How can I use SciPy or write a custom function to flatten the SciPy EKG dataset above?

What I have tried

I have tried reading the SciPy documentation for signal processing, but have not yet found any functions that "flatten" data or bring it to baseline. I'm a novice in digital signals processing and want to know if there is a better or official way to do this.

I have tried shifting the values up or down by some moving average, but there's no way that simple addition or subtraction of Y-values is the correct way. That is too hacky.

Thanks for your help.

Question clarification: fixing "baseline wandering"
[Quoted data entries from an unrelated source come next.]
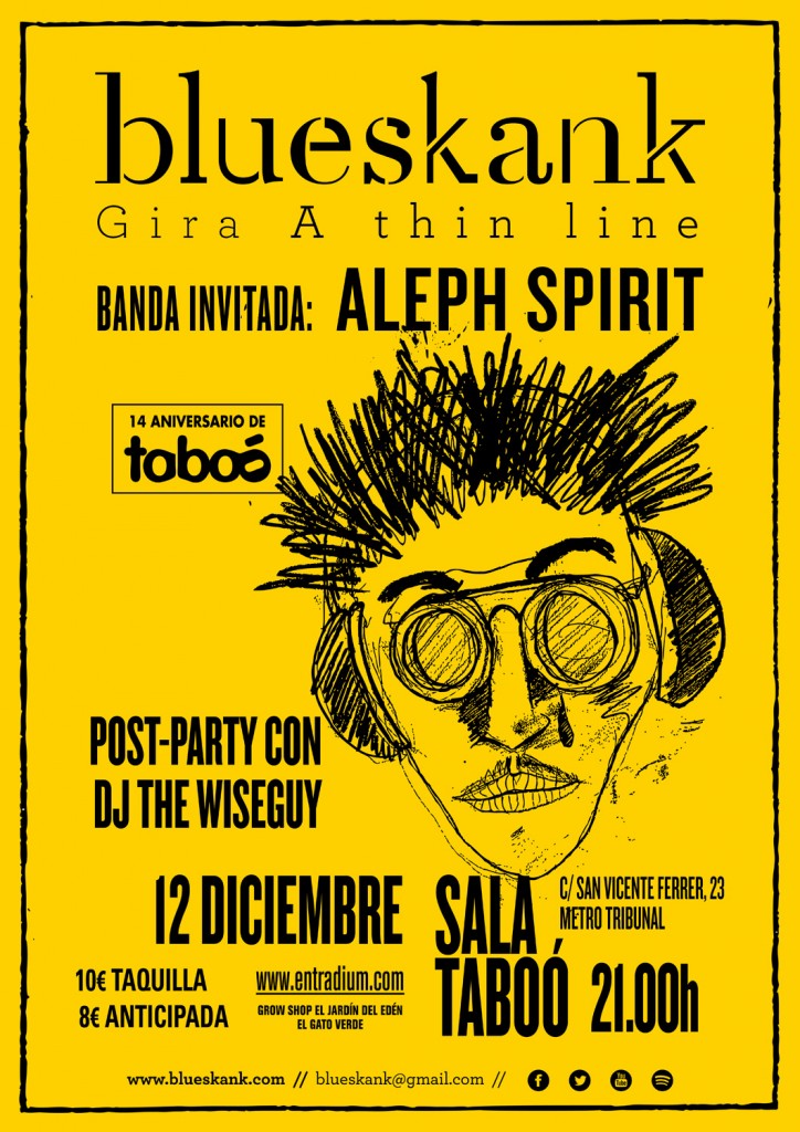 Vuelve Blueskank a Madrid, esta vez para despedir el año junto a Aleph Spirit, dentro de la programación del 14 aniversario de la Sala Taboo. Será el próximo sábado 12 de diciembre a partir de las 21:00.
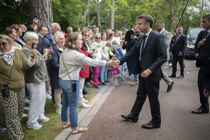 Emmanuel Macron, Prezydent Republiki Francuskiej i Pierwsza Dama Brigitte Macron, opuszczają lokal wyborczy podczas drugiej tury wyborów legislacyjnych w Le Touquet
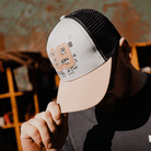 This trucker cap features a stone-coloured cotton front paired with a tanned peak, and finished off with a black mesh back for breathability and everyday wear. The earthy tones give it a clean but rugged feel, easy to pair with anything from leathers to laid-back layers.
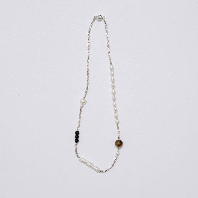 淡水パールとSilver925ビーズをベースに、オニキス・タイガーアイなど異なる質感をミックスさせたチョーカー。

Another user in the comments (Christoph Rackwitz) suggested a high-pass filter. While Googling high-pass filters, I found an image from a research paper on ECGs:

EKG with baseline wandering adjustment

They said the first image had "baseline wandering," which is what I'm really trying to answer with this question. How do I fix baseline wandering?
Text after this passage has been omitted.